START Listed entries

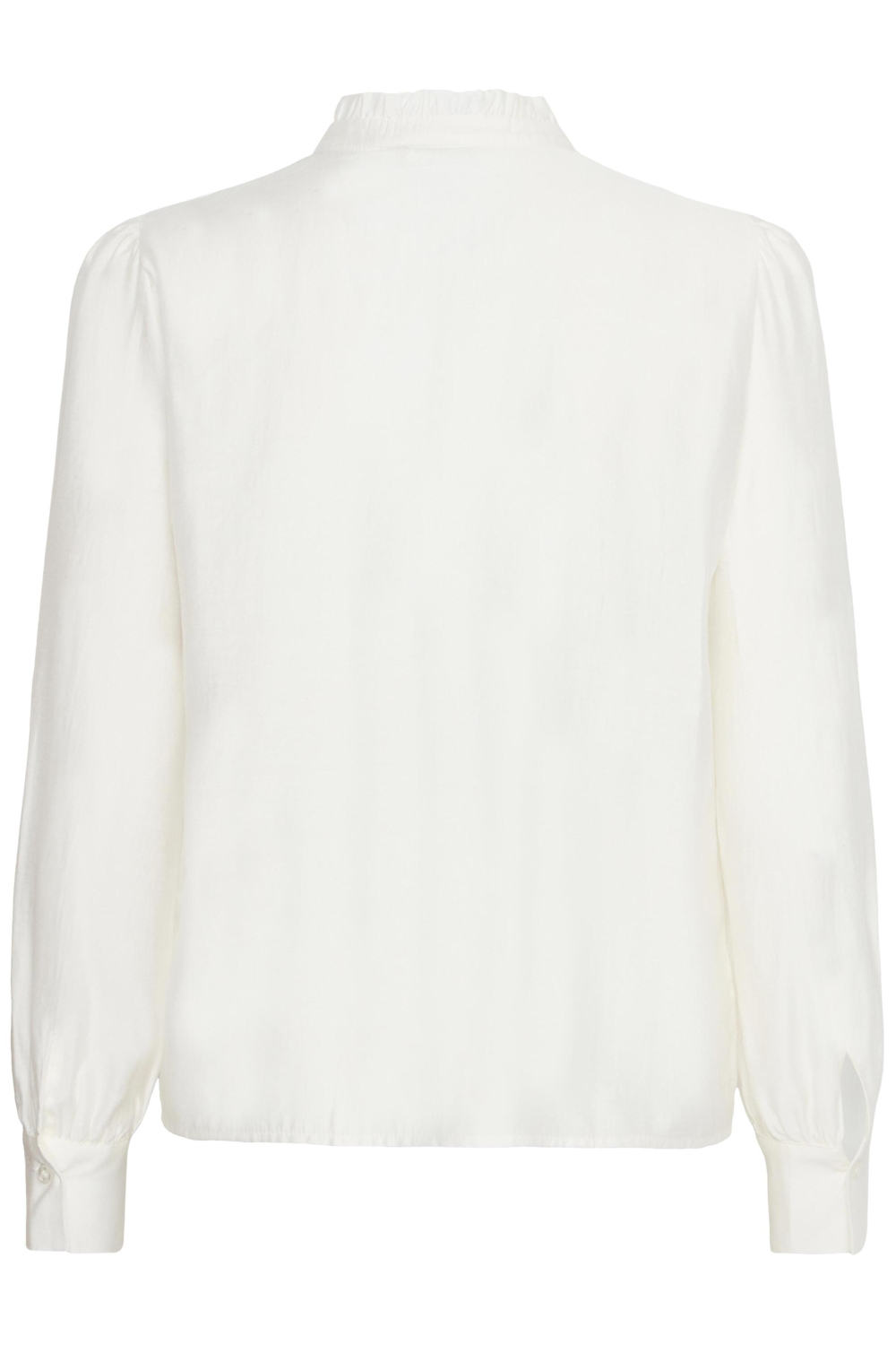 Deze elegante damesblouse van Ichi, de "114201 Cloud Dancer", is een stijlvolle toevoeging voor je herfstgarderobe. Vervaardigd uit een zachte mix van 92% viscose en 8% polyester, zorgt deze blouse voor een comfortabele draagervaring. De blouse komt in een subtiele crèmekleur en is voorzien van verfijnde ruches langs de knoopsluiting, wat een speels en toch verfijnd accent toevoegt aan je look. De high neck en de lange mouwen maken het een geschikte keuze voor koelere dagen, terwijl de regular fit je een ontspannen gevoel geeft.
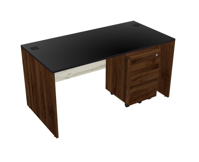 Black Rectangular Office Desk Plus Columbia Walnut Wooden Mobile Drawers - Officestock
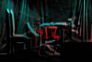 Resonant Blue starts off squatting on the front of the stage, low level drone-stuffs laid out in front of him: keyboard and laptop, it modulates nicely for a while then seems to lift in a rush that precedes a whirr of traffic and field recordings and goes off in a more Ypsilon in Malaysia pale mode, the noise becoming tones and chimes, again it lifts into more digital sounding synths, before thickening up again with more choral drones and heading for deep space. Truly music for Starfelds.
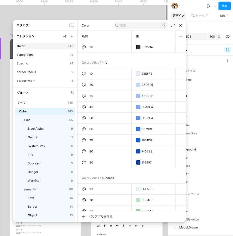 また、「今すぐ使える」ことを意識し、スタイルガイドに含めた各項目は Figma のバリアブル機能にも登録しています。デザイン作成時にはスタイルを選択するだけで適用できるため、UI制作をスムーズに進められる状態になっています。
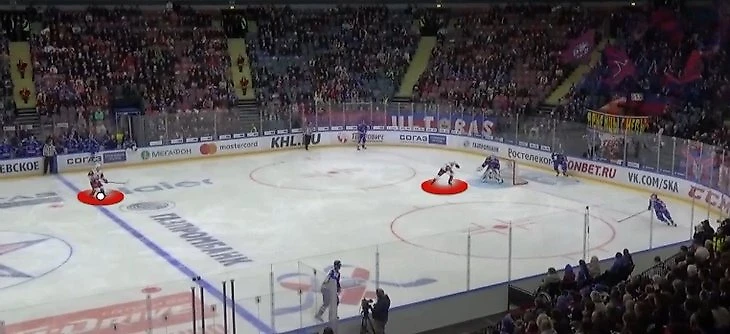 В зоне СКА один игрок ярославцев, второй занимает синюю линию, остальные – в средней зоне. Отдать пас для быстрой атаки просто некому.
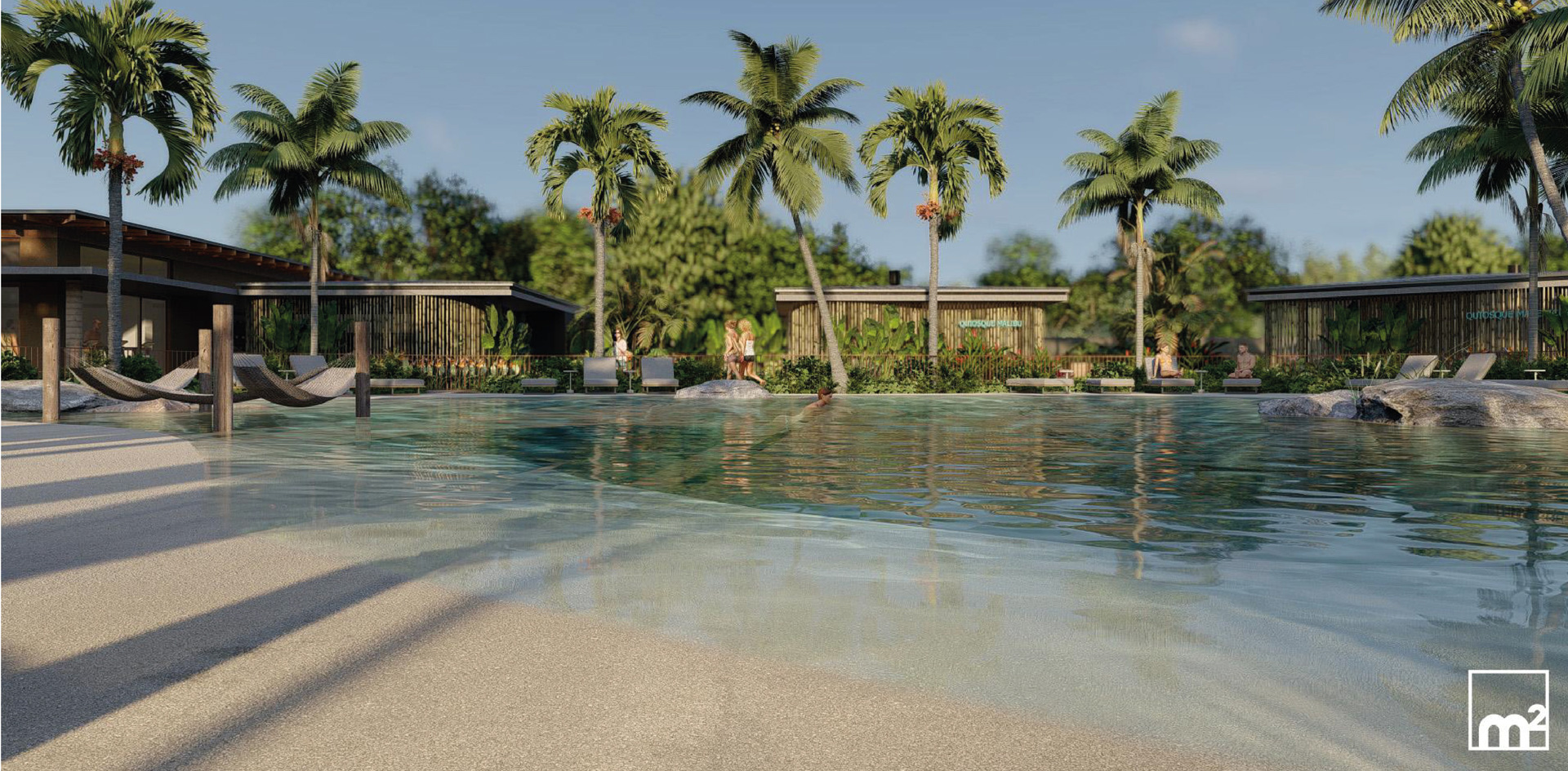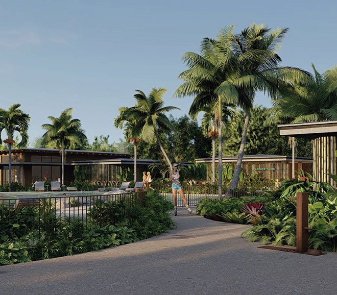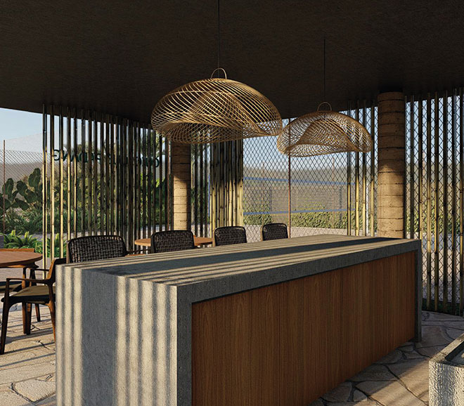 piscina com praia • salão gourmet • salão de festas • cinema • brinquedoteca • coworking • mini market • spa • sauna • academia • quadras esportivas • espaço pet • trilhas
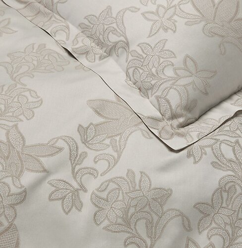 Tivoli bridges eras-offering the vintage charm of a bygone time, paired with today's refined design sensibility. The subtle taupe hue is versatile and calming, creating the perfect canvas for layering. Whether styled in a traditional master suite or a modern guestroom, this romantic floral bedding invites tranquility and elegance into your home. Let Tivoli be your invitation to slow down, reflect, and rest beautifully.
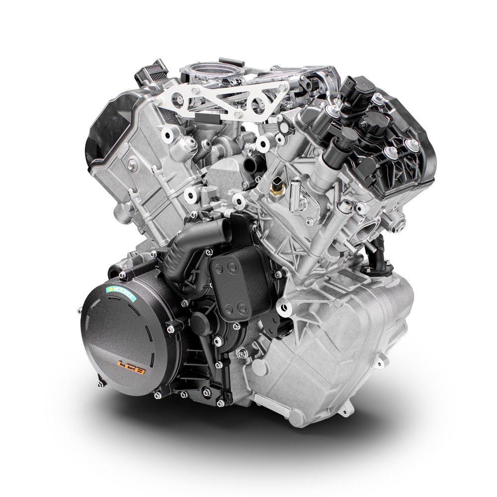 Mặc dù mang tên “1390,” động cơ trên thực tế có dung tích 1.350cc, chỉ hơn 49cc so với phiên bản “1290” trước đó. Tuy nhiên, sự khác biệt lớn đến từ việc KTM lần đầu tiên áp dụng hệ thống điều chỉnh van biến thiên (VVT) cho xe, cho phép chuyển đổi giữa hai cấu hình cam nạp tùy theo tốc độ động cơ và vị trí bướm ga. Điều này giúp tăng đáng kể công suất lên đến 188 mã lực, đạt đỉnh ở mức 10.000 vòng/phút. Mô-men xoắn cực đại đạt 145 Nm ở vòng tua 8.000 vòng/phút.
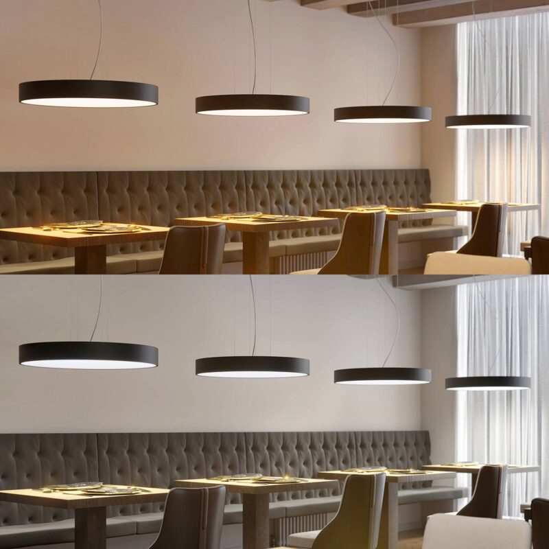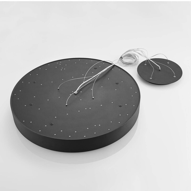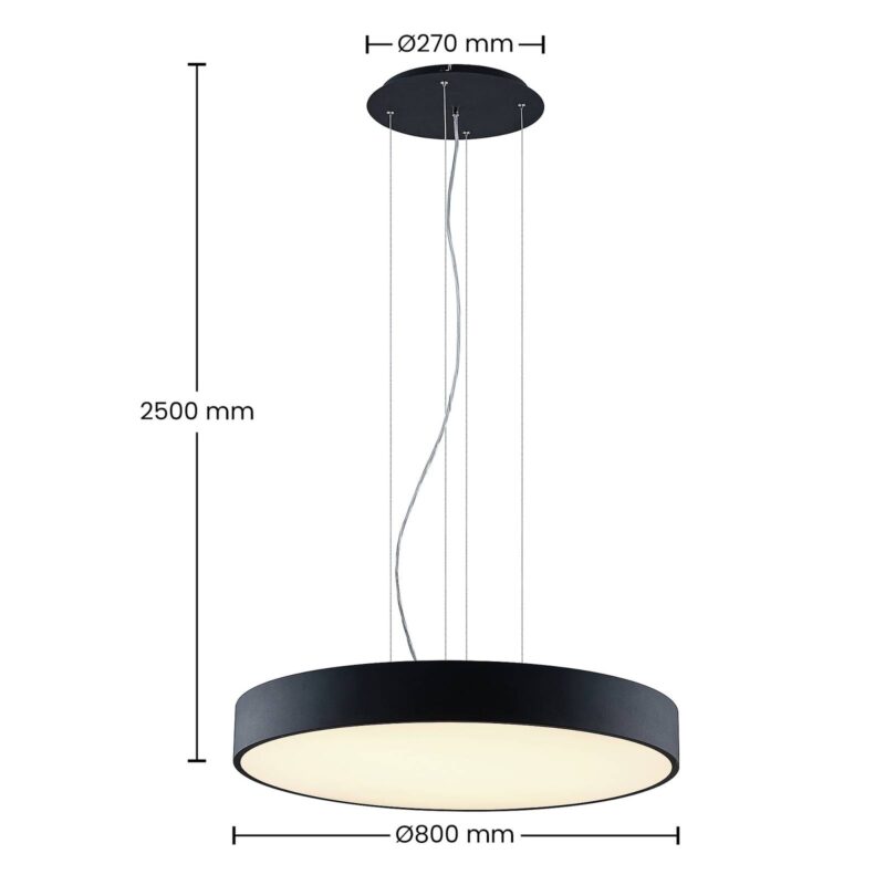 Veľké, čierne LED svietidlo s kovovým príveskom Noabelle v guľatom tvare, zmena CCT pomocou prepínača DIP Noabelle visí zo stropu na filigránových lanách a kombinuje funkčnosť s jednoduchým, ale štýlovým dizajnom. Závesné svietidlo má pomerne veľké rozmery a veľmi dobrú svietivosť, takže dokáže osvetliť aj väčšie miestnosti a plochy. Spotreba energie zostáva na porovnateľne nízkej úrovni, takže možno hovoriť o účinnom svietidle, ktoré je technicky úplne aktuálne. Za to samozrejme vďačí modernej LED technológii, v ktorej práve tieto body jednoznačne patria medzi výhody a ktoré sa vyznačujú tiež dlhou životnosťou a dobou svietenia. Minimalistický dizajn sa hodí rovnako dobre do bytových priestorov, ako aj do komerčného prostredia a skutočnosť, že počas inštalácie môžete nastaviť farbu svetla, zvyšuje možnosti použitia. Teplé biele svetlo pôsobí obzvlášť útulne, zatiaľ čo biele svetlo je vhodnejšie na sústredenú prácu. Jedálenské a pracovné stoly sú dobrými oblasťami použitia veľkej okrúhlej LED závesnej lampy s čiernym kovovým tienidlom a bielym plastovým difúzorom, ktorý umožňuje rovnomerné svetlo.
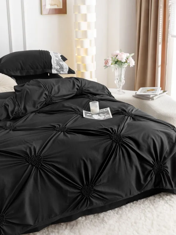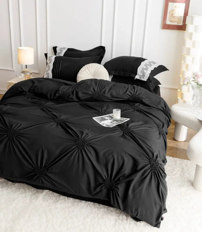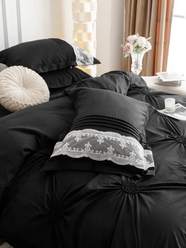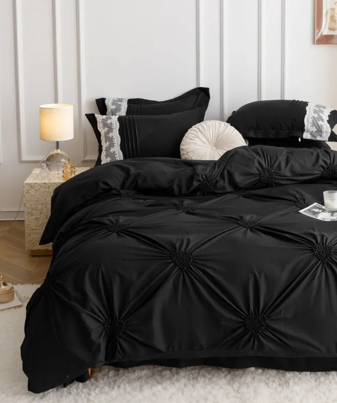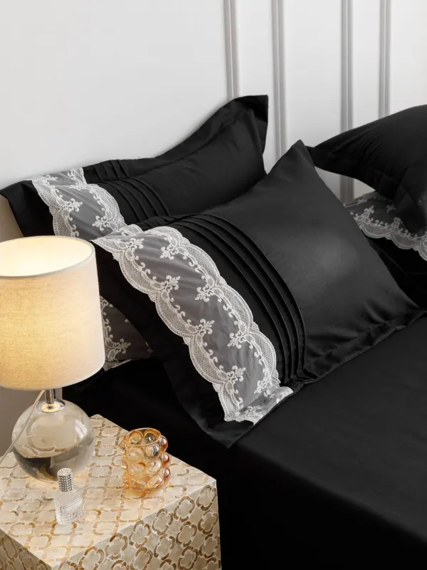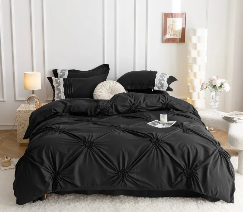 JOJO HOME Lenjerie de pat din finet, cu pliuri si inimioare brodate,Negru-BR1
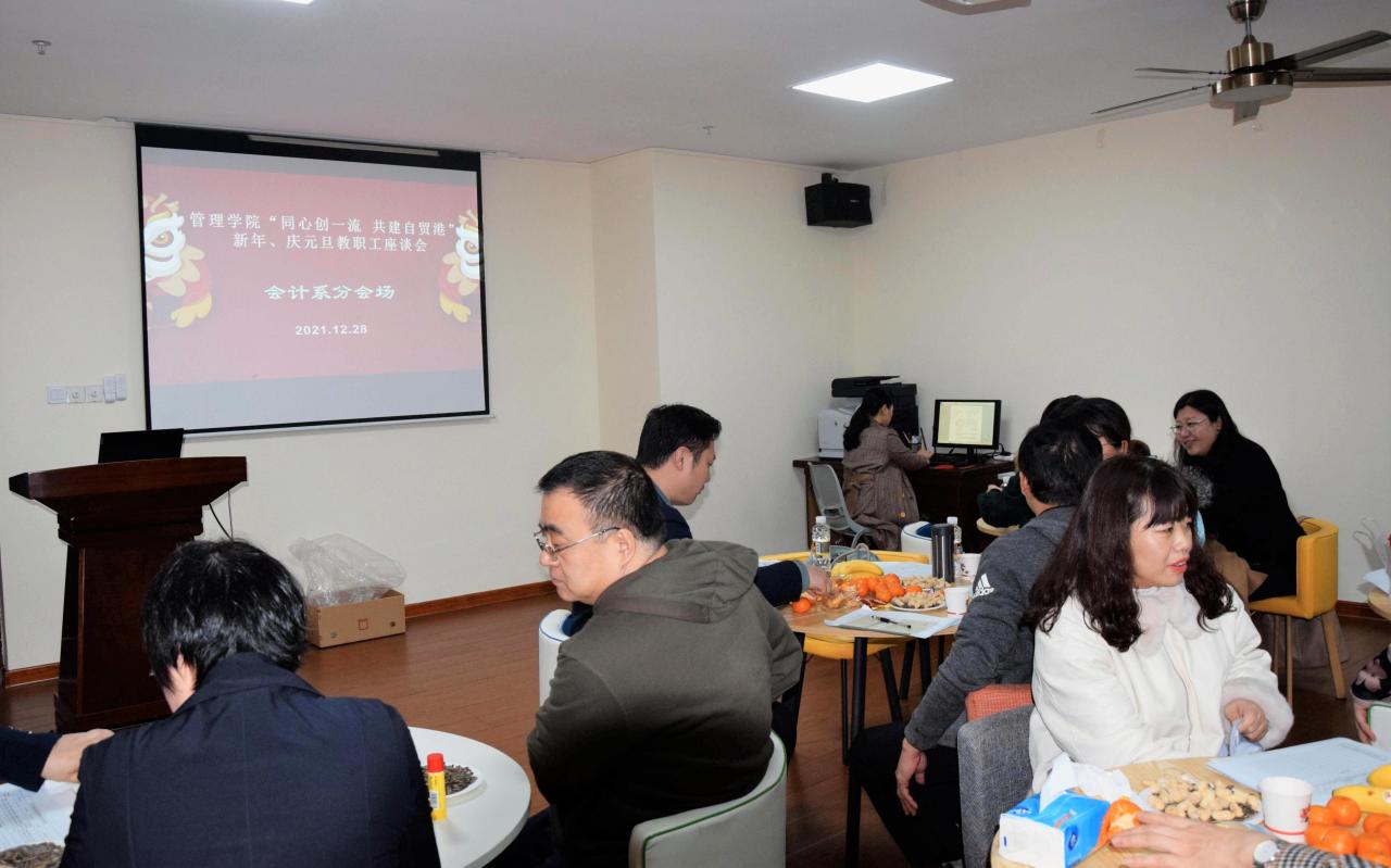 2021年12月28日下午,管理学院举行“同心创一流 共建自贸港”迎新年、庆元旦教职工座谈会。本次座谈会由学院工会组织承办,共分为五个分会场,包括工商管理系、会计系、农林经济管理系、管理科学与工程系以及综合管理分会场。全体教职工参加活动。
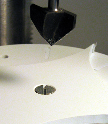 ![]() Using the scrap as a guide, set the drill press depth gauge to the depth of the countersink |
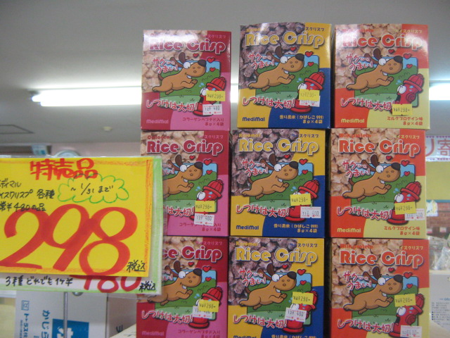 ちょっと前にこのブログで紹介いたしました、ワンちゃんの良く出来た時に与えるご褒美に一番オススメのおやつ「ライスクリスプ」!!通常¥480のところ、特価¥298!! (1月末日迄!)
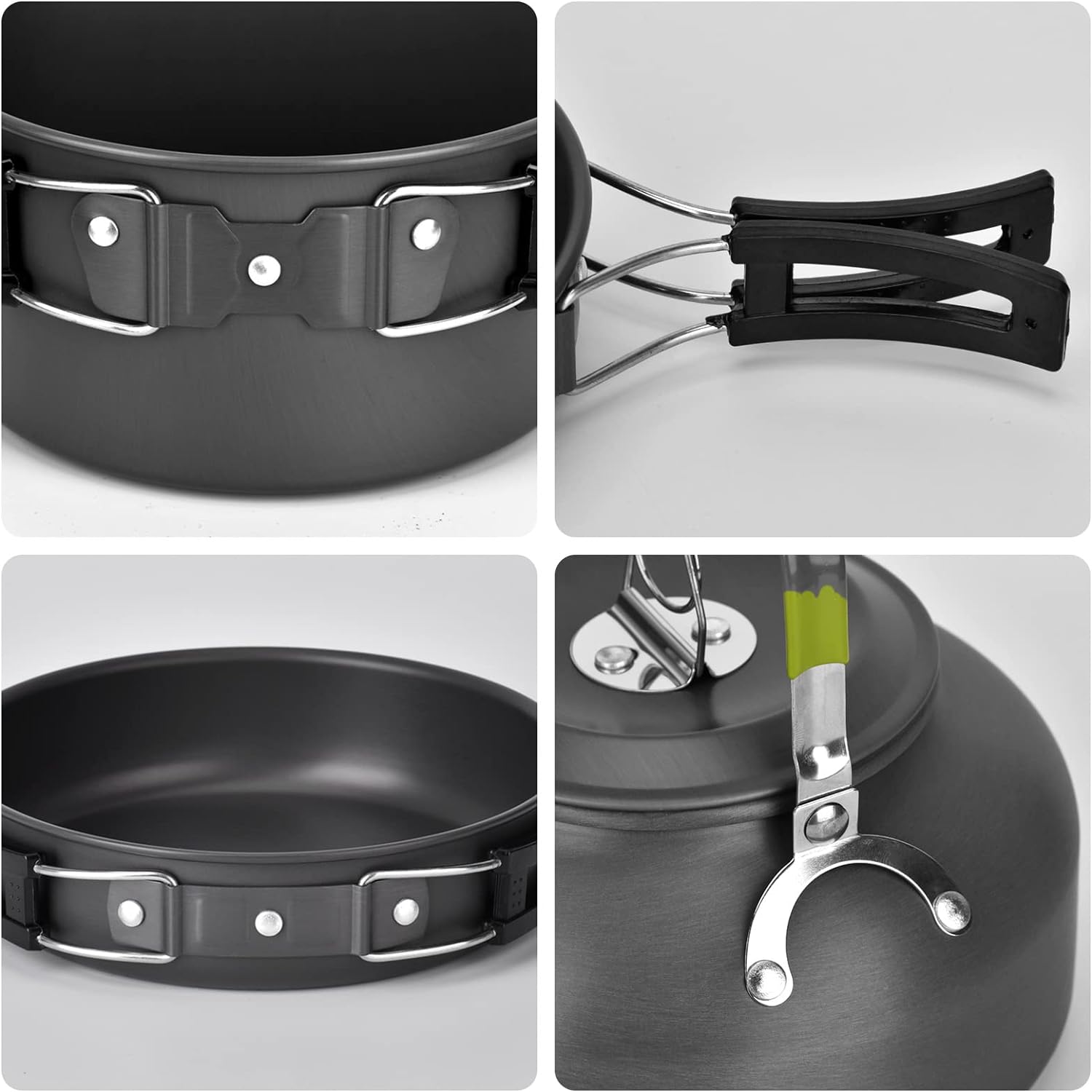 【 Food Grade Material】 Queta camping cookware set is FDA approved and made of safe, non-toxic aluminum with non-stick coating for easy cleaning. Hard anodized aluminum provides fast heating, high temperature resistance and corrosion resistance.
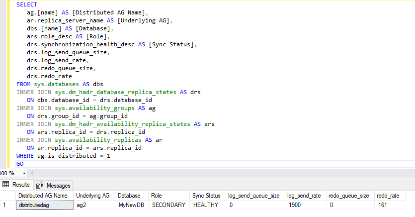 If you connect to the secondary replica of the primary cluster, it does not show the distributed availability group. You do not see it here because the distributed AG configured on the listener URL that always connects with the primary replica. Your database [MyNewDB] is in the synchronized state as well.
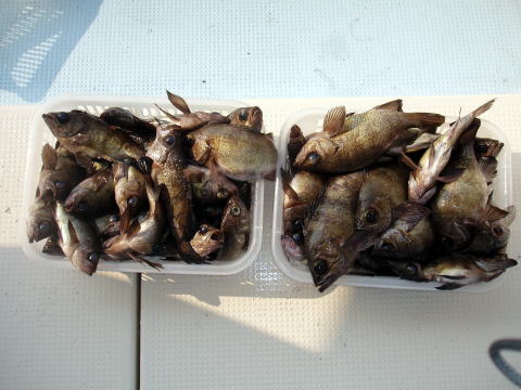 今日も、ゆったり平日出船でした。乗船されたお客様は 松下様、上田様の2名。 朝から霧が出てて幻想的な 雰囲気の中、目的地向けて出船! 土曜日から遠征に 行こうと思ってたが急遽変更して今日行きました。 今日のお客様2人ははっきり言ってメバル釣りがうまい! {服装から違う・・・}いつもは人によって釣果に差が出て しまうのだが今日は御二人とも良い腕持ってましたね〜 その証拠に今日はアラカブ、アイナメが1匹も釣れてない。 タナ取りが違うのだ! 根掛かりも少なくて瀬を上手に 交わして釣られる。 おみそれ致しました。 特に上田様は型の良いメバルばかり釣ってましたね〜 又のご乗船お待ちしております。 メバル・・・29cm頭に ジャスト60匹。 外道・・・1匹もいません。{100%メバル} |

END Listed entries

**Problem statement**
Your output should consist solely of the lines from the line containing "If you connect" through the end of the data above, copied exactly, with images removed.

**Answer below**
 If you connect to the secondary replica of the primary cluster, it does not show the distributed availability group. You do not see it here because the distributed AG configured on the listener URL that always connects with the primary replica. Your database [MyNewDB] is in the synchronized state as well.
 今日も、ゆったり平日出船でした。乗船されたお客様は 松下様、上田様の2名。 朝から霧が出てて幻想的な 雰囲気の中、目的地向けて出船! 土曜日から遠征に 行こうと思ってたが急遽変更して今日行きました。 今日のお客様2人ははっきり言ってメバル釣りがうまい! {服装から違う・・・}いつもは人によって釣果に差が出て しまうのだが今日は御二人とも良い腕持ってましたね〜 その証拠に今日はアラカブ、アイナメが1匹も釣れてない。 タナ取りが違うのだ! 根掛かりも少なくて瀬を上手に 交わして釣られる。 おみそれ致しました。 特に上田様は型の良いメバルばかり釣ってましたね〜 又のご乗船お待ちしております。 メバル・・・29cm頭に ジャスト60匹。 外道・・・1匹もいません。{100%メバル} |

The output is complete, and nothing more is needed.